I'd rather not begin today. I smile to myself and choose to slide out of bed. I take captive, erring thoughts...and remember muted yellows and blues of my journal...the crisp white page awaiting first thoughts of the new morn...afghan of burgundies, rust, and evergreen... beckons from soft leather sofa. The Father's love stirs a longing in my soul. I need this...the first meeting of the day.
Ready now, I scramble into clothes. Fingers fumble as I find the tag, slipping into athletic pants, silently snatching sweatshirt, ever mindful of all who slumber on...cautious now, I creep down the stairs. This time for seeking, listening, meditating, and exploring...far too precious to tarry long.
"Here I am, Lord..."I sound like Moses. Peace settles as His word speaks into anxiety in predawn dark. Sacred silence...hallowed hour...treasured time.
The bush burned yet it was not consumed. So Moses said,"I must turn aside now, and see this marvelous sight, why the bush is not burned up." Exodus 3:3
God called to Moses from the midst of the bush. Moses answered, "Here I am."

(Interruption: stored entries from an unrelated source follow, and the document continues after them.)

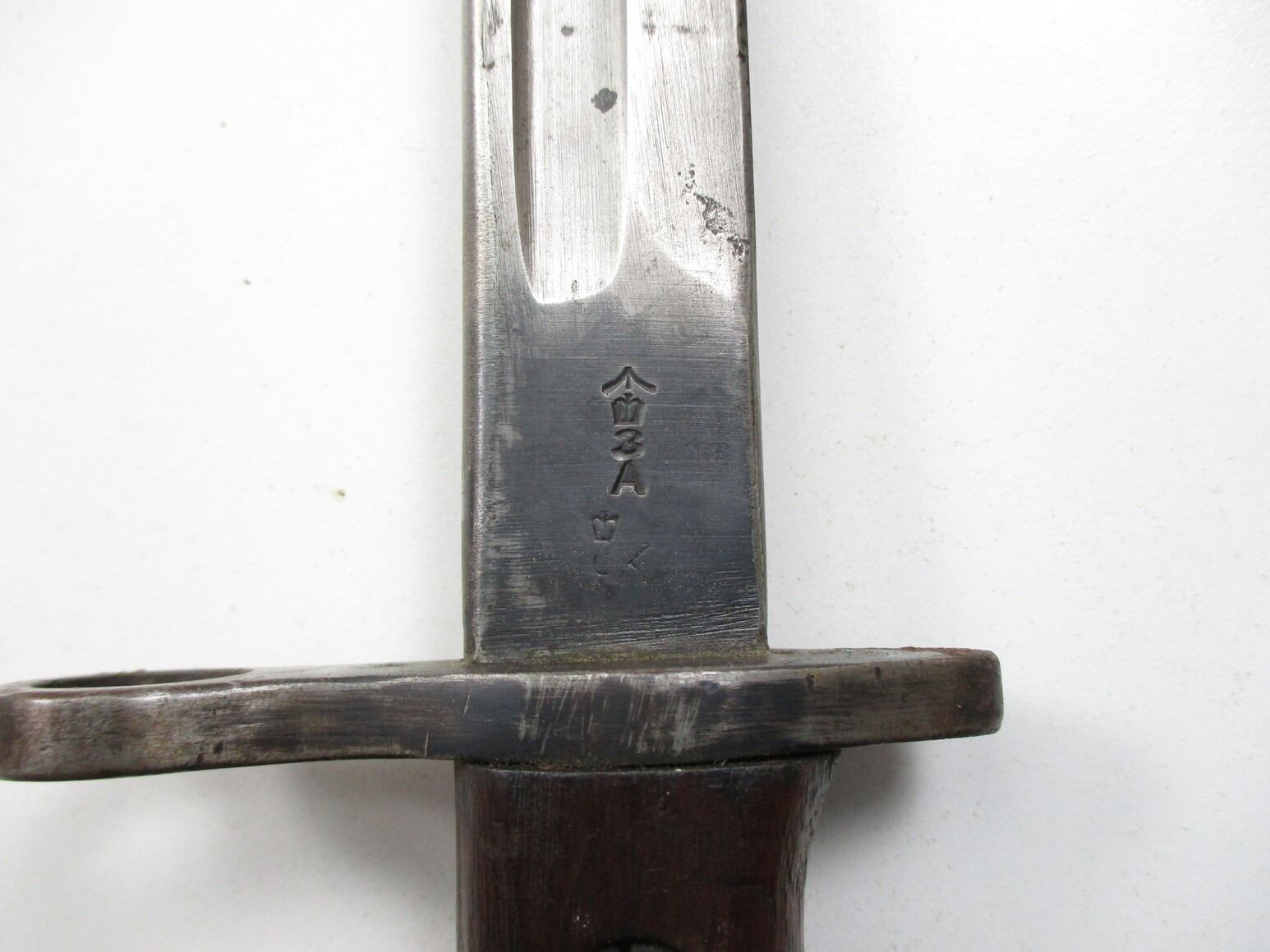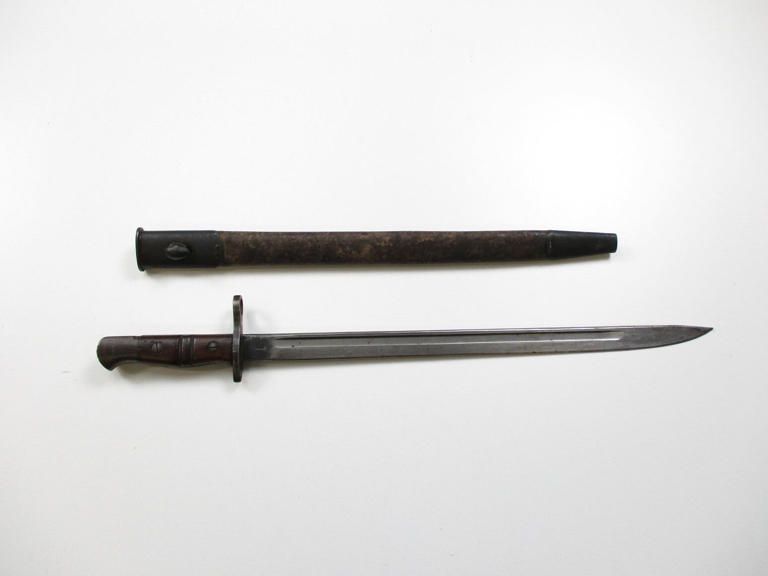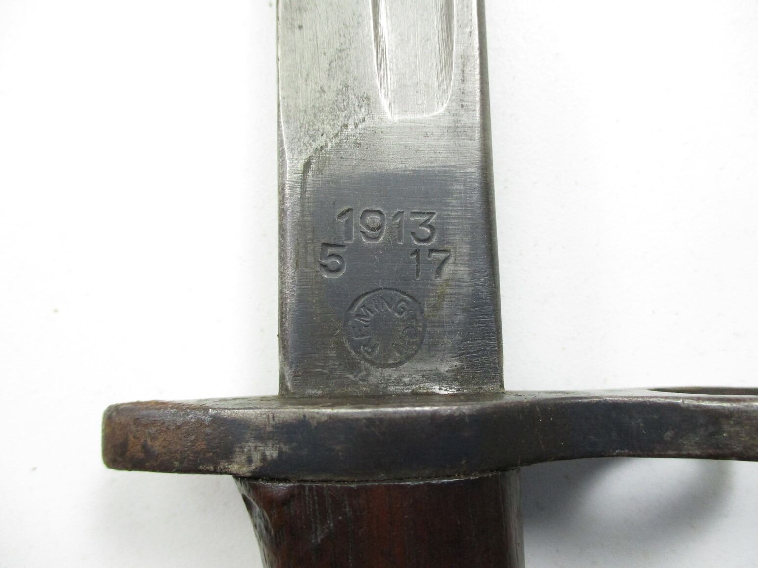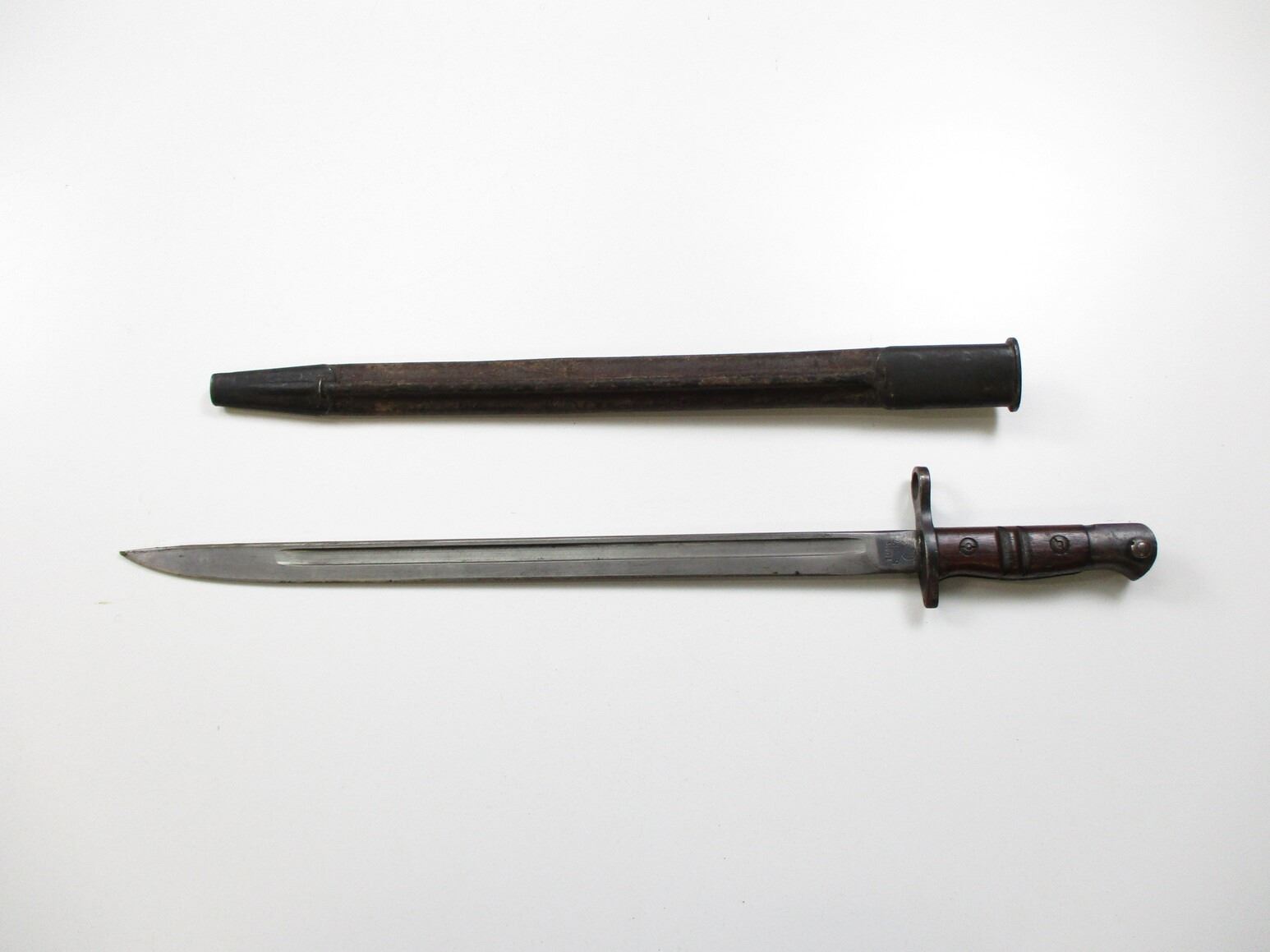 WWI BRITISH ENFIELD 1913 PATTERN BAYONET, (1) FITS 1914 PATTERN ENFIELD RIFLES, RICASSO MARKED: "1913, 5 17, REMINGTON", OTHER-SIDE MARKED: CROWN OVER "3" OVER "A" & BROAD ARROW, 2-PIECE GROOVED WOOD GRIP, METAL POMMEL, NO VISIBLE MARKINGS, LEATHER & METAL SCABBARD, NO VISIBLE MARKINGS, BLADE APPROX. 17 1/8" & OAL APPROX. 22.75".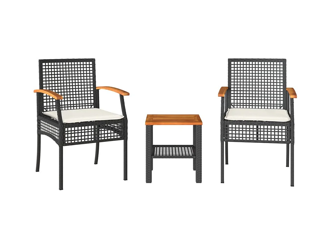 Set da Bistrò 3 pz con Cuscini Nero Polyrattan e Legno Acacia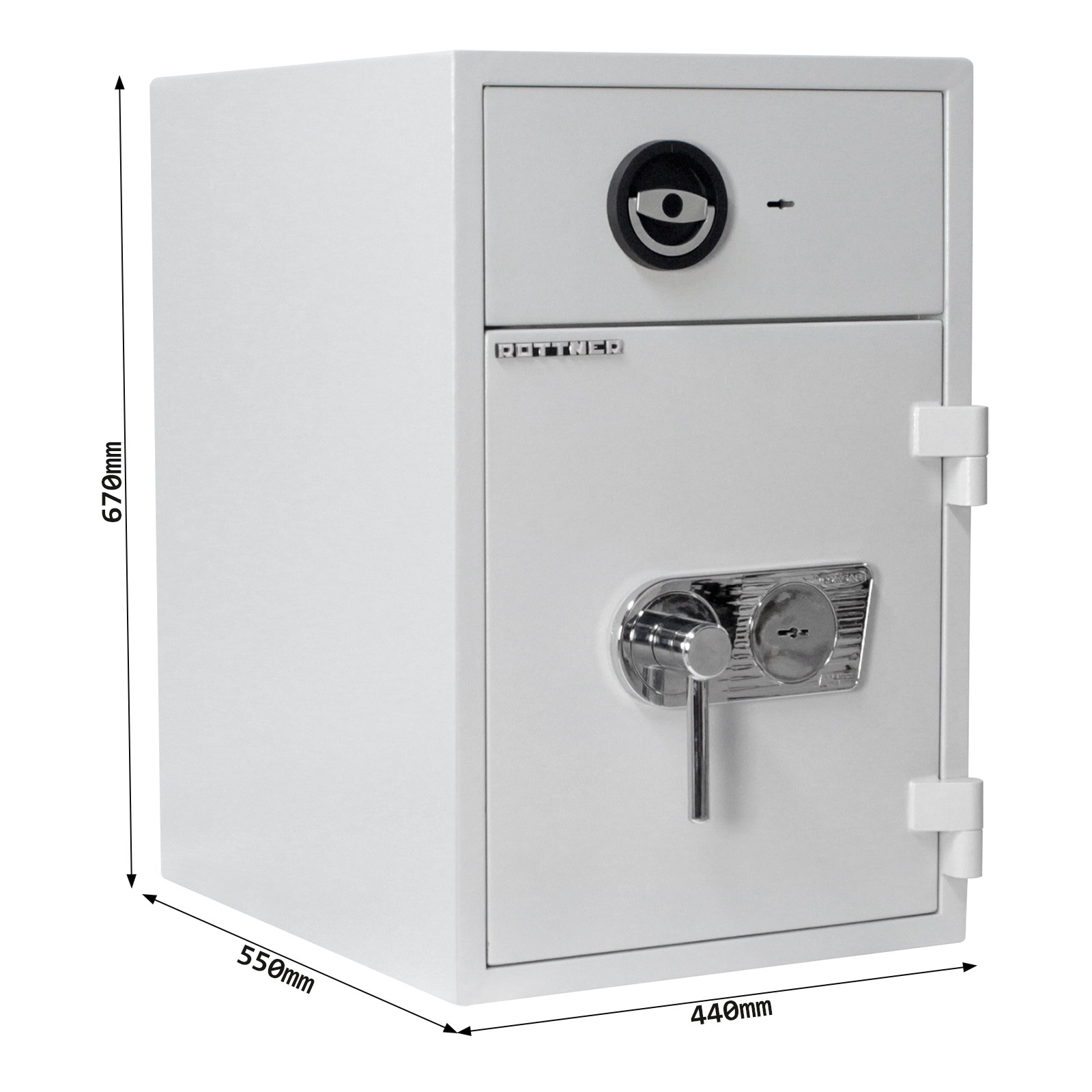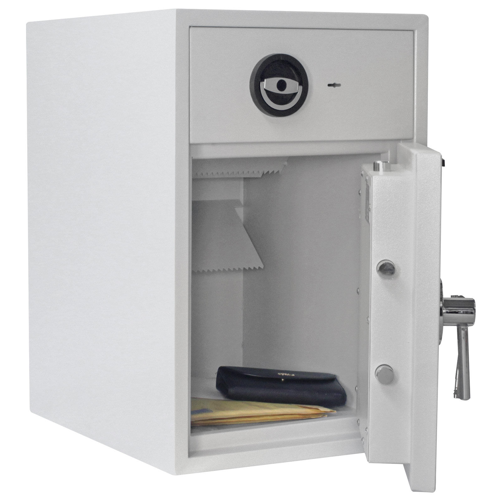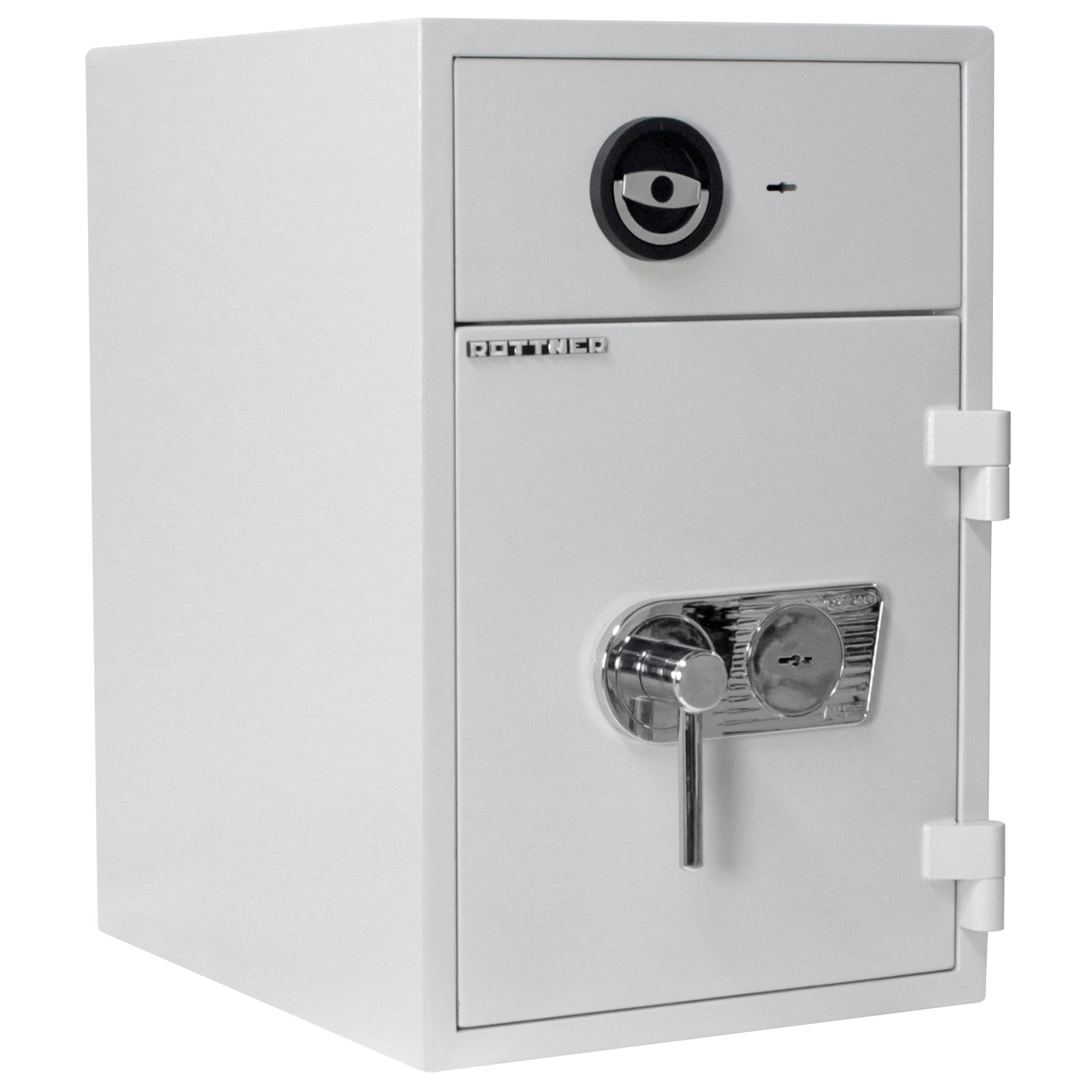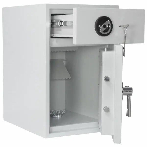 Der Rottner Schubladentresor sorgt für Sicherheit und schützt vor ungewollten Zugriffen. Der Auffangtresor und die Schublade sind mit einem Doppelbartschloss der Schlossklasse A ausgestattet. Ein Einwurftresor dient zum Hinterlegen von Geld (z.B. Tageslosung), ohne dass man den Safe öffnen muss. Das Geld/Dokumente werden in die Schublade gegeben und gelangen so ins Innere des Tresors. Eine Rückholsperre verhindert die Entnahme des Geldes. Der Empfänger (z.B. Firmenchef) muss den Auffangtresor öffnen, um zum Geld/Dokumenten zu gelangen.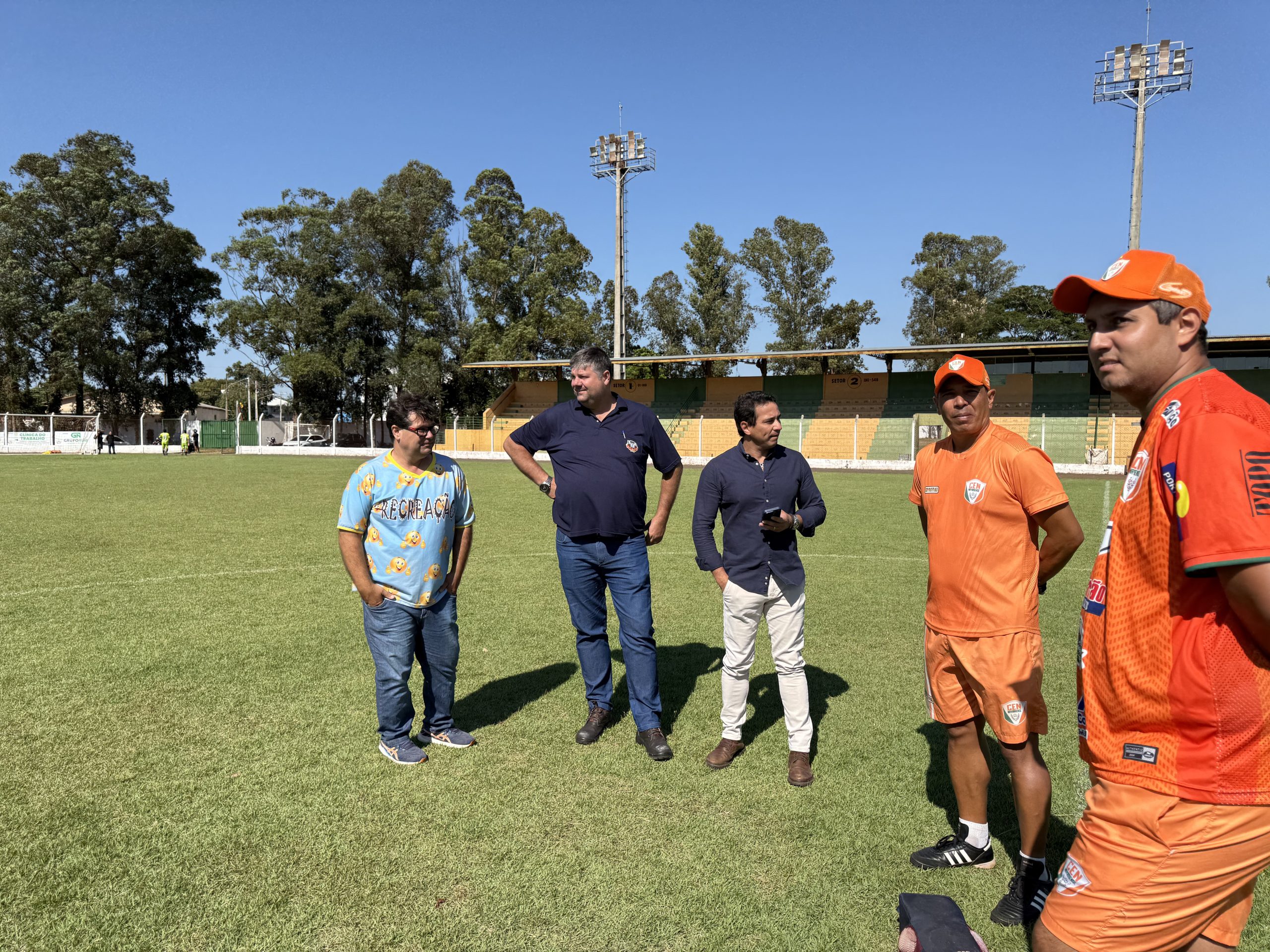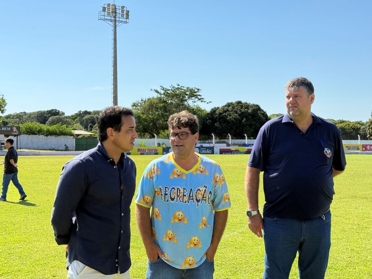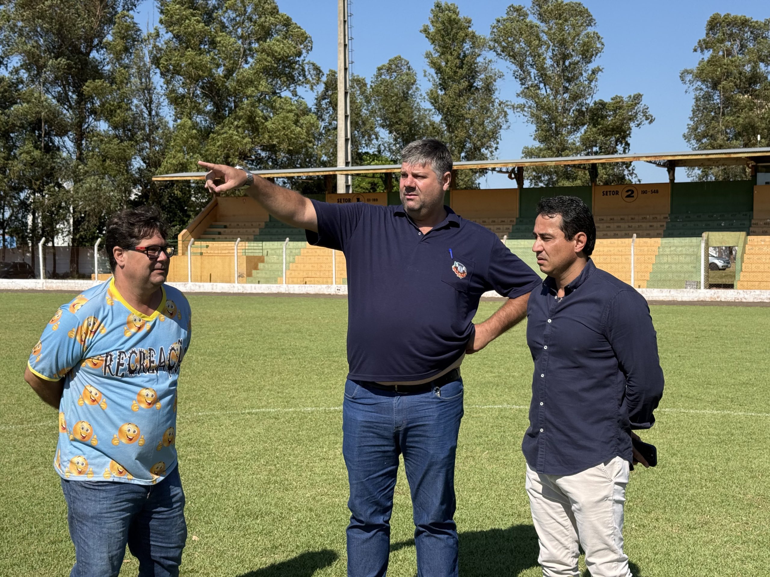 O prefeito de Naviraí, Rodrigo Sacuno, acompanhado pelo gerente municipal de Esporte e Lazer, Kerginaldo Miranda (Kejão) e Leandro “Zigão” vistoriou, na manhã de hoje (13-01), o Estádio Municipal José Cândido dos Santos Virote – Virotão. O Chefe do Executivo foi ver de perto as condições do estádio para o início dos jogos do CEN, representante de Naviraí no Campeonato Estadual – Série A 2025.

God said to Moses, "Do not come near here; remove your sandals from your feet, for the place on which you are standing is holy ground." Exodus 3:4-5.
The place on which Moses stood was Holy Ground. God was speaking to Moses. Present with him. I can't imagine how glorious that would be.
I contemplate a while. Christ has come. Immanuel, God with us. Spirit indwelling. I am standing on Holy ground. My Mount Sinai is here...in this home...in this hour...in every hour of every day.
My burning bush is His still small voice, the soft and gentle one...I often miss when I leave the sanctity of this holy hour.
Cleaning toilets, scrubbing floors, trimming tiny fingernails, peeling potatoes, changing diapers...this is Holy ground...the hallowed in the everyday.
I struggle so...to carry His sacred presence into the day.
His voice, soft and gentle...hard to hear when my own voice raises...harsh and severe, over bickering children, crying baby, and squeals echoing off in another direction. Stimulus overload?...Yes, yes.
I am still standing on Holy ground. Oh, me of unclean lips.
Blaze, spirit blaze...set my heart on fire...may it blaze like Moses' burning bush.
The place on which I stand is Holy Ground.